Infliximab (1.6 mg) was intravitreally injected into both eyes of 47 rabbits. Two approaches were used to collect the vitreous: the classic method and a microsampling technique. Whereas the classic method consists of collection of the whole vitreous after enucleation, the microsampling technique consisted of the aspiration of small (10–15 μL) samples with a 200-μL syringe. Samples were taken from 30 minutes to 40 days using both methods and were then compared. Infliximab concentration was estimated with competitive ELISA, dot blot analysis, and Western blot analysis.
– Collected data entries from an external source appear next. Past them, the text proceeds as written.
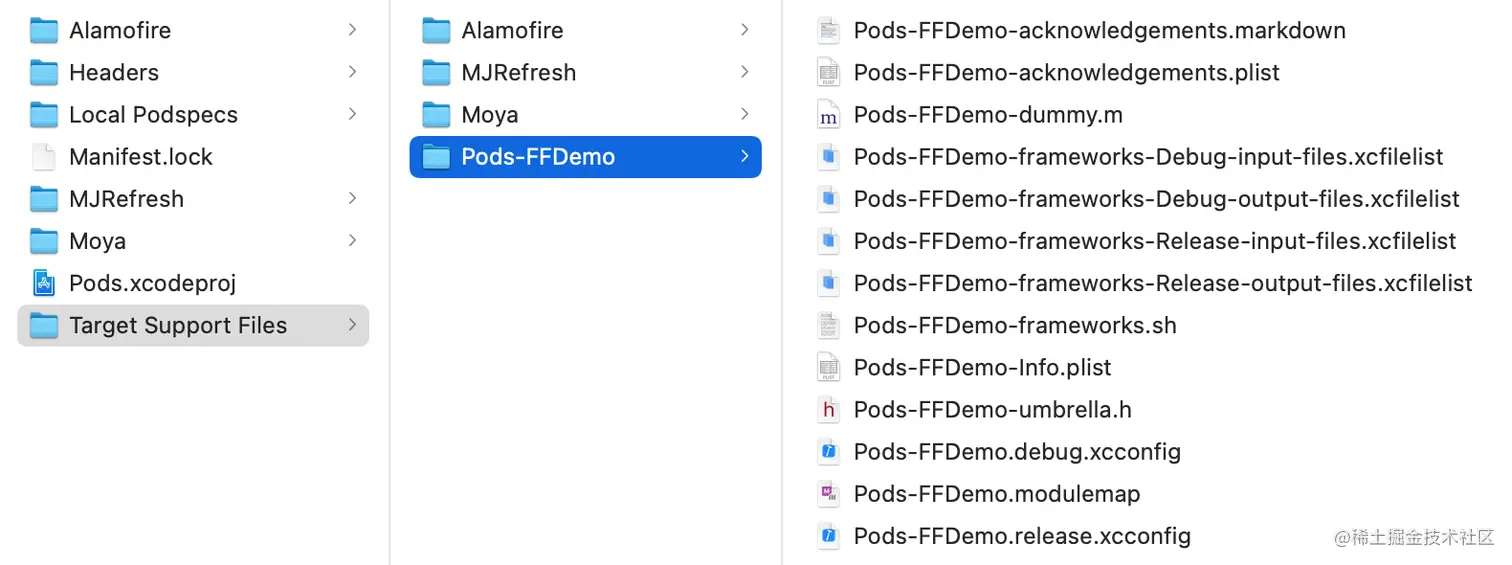 从目录看,除了pod init引入了Podfile,其余三部分内容:FFDemo.xcworkspace、Podfile.lock、Pods目录都是由pod install之后生成的。我们下面重点讲下这三部分内容。
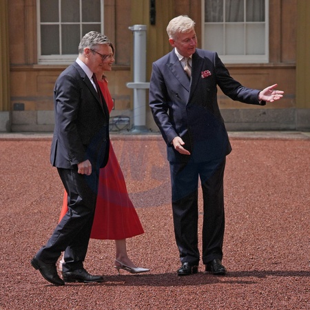 Sir Clive Alderton, Principal Private Secretary to the King and Queen (right) greets Sir Keir Starmer, and his wife Victoria Starmer, as he arrives at Buckingham Palace in London for an audience with King Charles III, where he will be invited to become Prime Minister and form a new government, following the landslide General Election victory for the Labour Party. Picture date: Friday July 5, 2024. NO UK USE FOR 48 HOURS, Credit:Avalon.red / Avalon
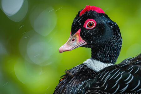 Graceful Black Muscovy duck in green field. Bird with dark feathers in outdoor green grass. Generate ai
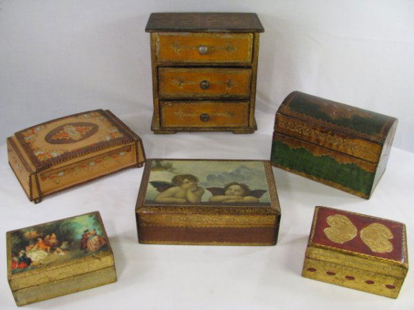 ITALIAN FLORENTINE HAND PAINTED BOXES 6pc
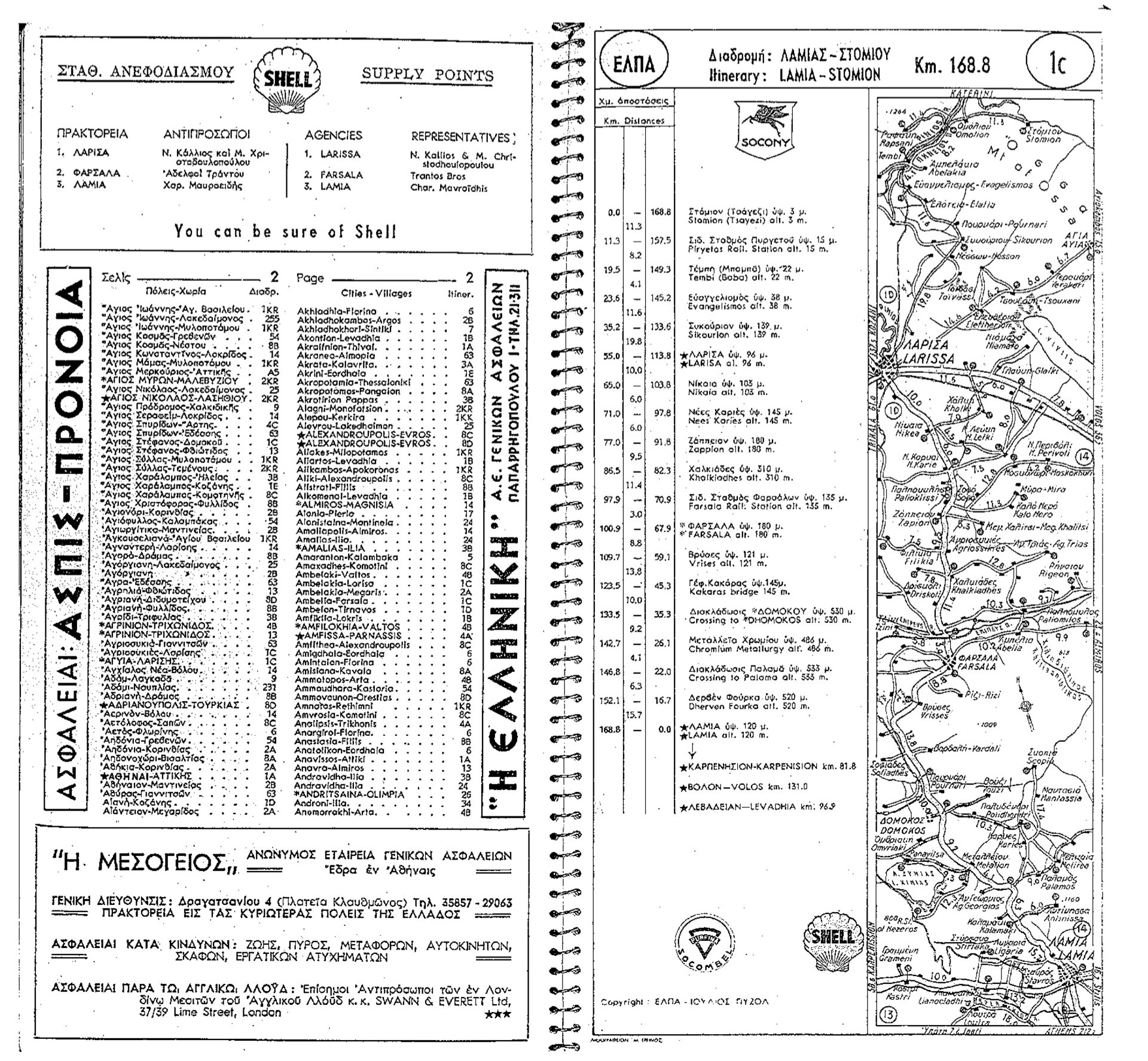 Περίπου πέντε χρόνια ύστερα, η χαρτογραφική παρέμβαση της ΕΛΠΑ επεκτείνεται αφού το 1938, οπότε έχει ήδη οργανωθεί το Α’ Βαλκανικό Ράλλυ με εκκίνηση από την Αθήνα, από όπου ήδη, εδώ και έξι χρόνια, εκκινούν αγωνιζόμενοι για το Ράλλυ Μόντε Κάρλο, χρησιμοποιώντας χάρτες του οργανωτή, ο τουρίστας έχει στη διάθεσή του τον γαλλιστί τυπωμένο χάρτη διαδρομών με αυτοκίνητο, με τη διαδρομή Αθήνα-Κοζάνη-Θεσσαλονίκη-Κούλα και το... αδελφάκι του Αθήνα-Κοζάνη- Κρυσταλλοπηγή. Οι δύο χάρτες, σε μια εποχή που έχει προταθεί η σύνδεση της Ελλάδας με το ευρωπαικό οδικό δίκτυο, αλλά δεν έχει επιτευχθεί, υπογράφονται από το Service Topographique au Ministere des Voies et Communications, την ίδια εποχή που εκδίδεται η Στρατιωτική Γεωγραφία του Αντωνίου Κολιοπάνου, και ενώ η Ελλάδα προετοιμάζεται προς πόλεμον. Αν δούμε ότι ο Κολιοπάνος καταγράφει την οδό Θεσσαλονίκη-Λαχανάς-Σέρρες ως αμαξιτή αρίστης ποιότητος, αλλά σκυρόστρωτος, και αν σκύψουμε στο χάρτη, σε άλλη μια κινητικότητος σημαντική κίνηση, και διαπιστώσουμε την ίδια διά γραμμών επισήμανση, θα δούμε τη σχέση των δύο εγχειρημάτων του Κολιοιπάνου και των χαρτογράφων που συνεργάστηκαν με την ΕΛΠΑ. Ο εθνικός χώρος πια διαστίζεται και νοηματοδοτείται, ανασυστήνεται και ξαναγράφεται. Εδώ πια σημειώνονται οι σταθμοί καυσίμων της Shell σε όλη την Ελλάδα, στα Σέρβια, λόγου χάριν, στην Κοζάνη, στο Σιδηρόκαστρο, στο Ντεμίρ Χισσάρ, σημειώνεται το σιδηροδρομικό και το οδικό δίκτυο, αλλά και ορισμένα «μηχανουργεία».
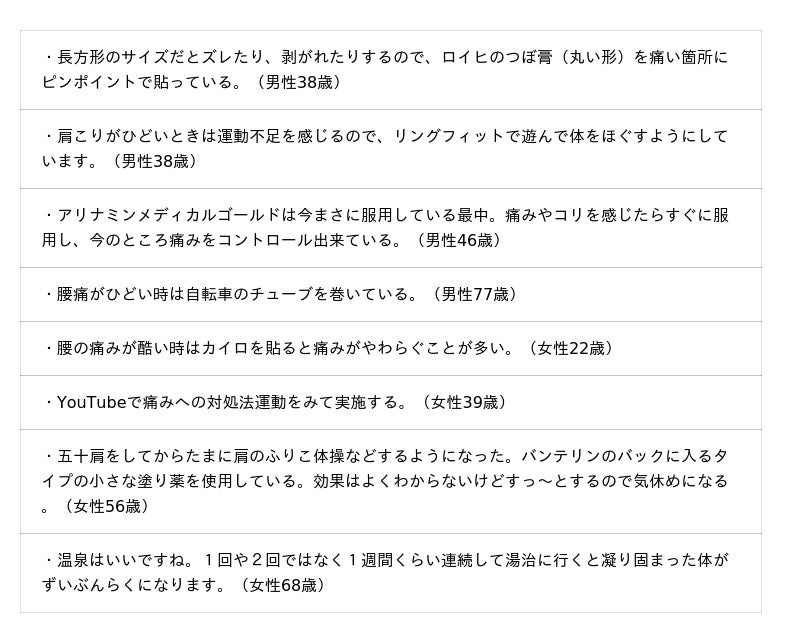 肩こり・腰痛の状況、対処方法などについて聞いています。調査結果をお知らせいたします。
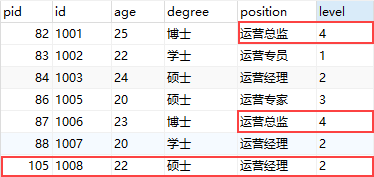 可以看到 1001 和 1006 的 position 和 level 都更新了,1004 那行数据被删除,新增了一条 1008 的数据
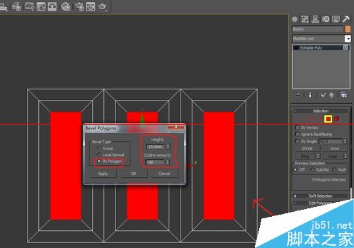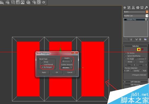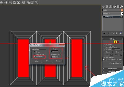 第七步,再次單擊右下方界面Bevel按鈕,在新彈出的界面上,左側選擇By polygon,右側輸入Height數值:-15(這個數值代表柜門槽子的深度是1.5厘米,此數值可以根據需要變化),Outline Amount:-30(這個數值也可以根據需要變化,此數值代表造型槽的寬度為3厘米)。
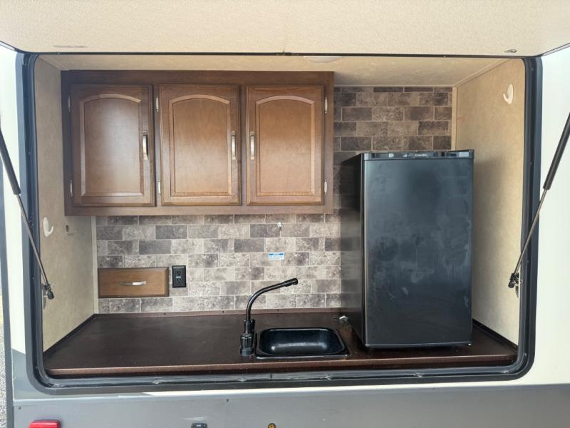 Outside you can enjoy the storage found in the pass through compartment and below the bunk, an awning, as well as an optional exterior kitchen which has a sink, drawer, and electric refrigerator. There is also an optional gas grill, plus more.
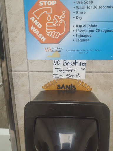 Read moreStopped in here for the night as we travel the roads in a tractor trailer. There's a decent amount of truck parking in the back. There's a lot of dropped trailers, though, but that's a good thing, I guess, if they allow you to in order for you to run someone fast. Now, with that being said, the food is ok, but what blows my mind is the NO BRUSHING TEETH IN THE BATHROOM SINK! You have a truck stop parking lot, so where do you expect truckers to brush their teeth? I'd really like to know the reason behind...
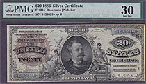 This is the famous 1886 $20 Silver certifiate commonly refered to as the Manning Note or the Diamond Back note because of the back design is in a diam...

The vitreous half-life of infliximab was estimated to be 6.5 ± 0.6 days. The data indicated monoexponential decay reaching its conclusion after approximately 40 days. This decay was preceded by 4-day-long diffusion in the vitreous. Microsampling proved to be effective in the vitreous collection, giving statistically comparable signals (± 4%, P = 0.68) with respect to the classic procedure. ELISA proved to be the best analytical technique—especially if coupled with microsamplings—because of its lower detection limit, precision, and reduced amount of sample needed. No differences were observed between half-life values obtained by ELISA and dot blot analysis (P = 0.081) and Western blot analysis (P = 0.614).
The findings of this study added to the knowledge of infliximab clearance in the vitreous and confirmed the validity of a microsampling technique that was compared with the classic one. ELISA was found to be the best analytical technique when using microsampling.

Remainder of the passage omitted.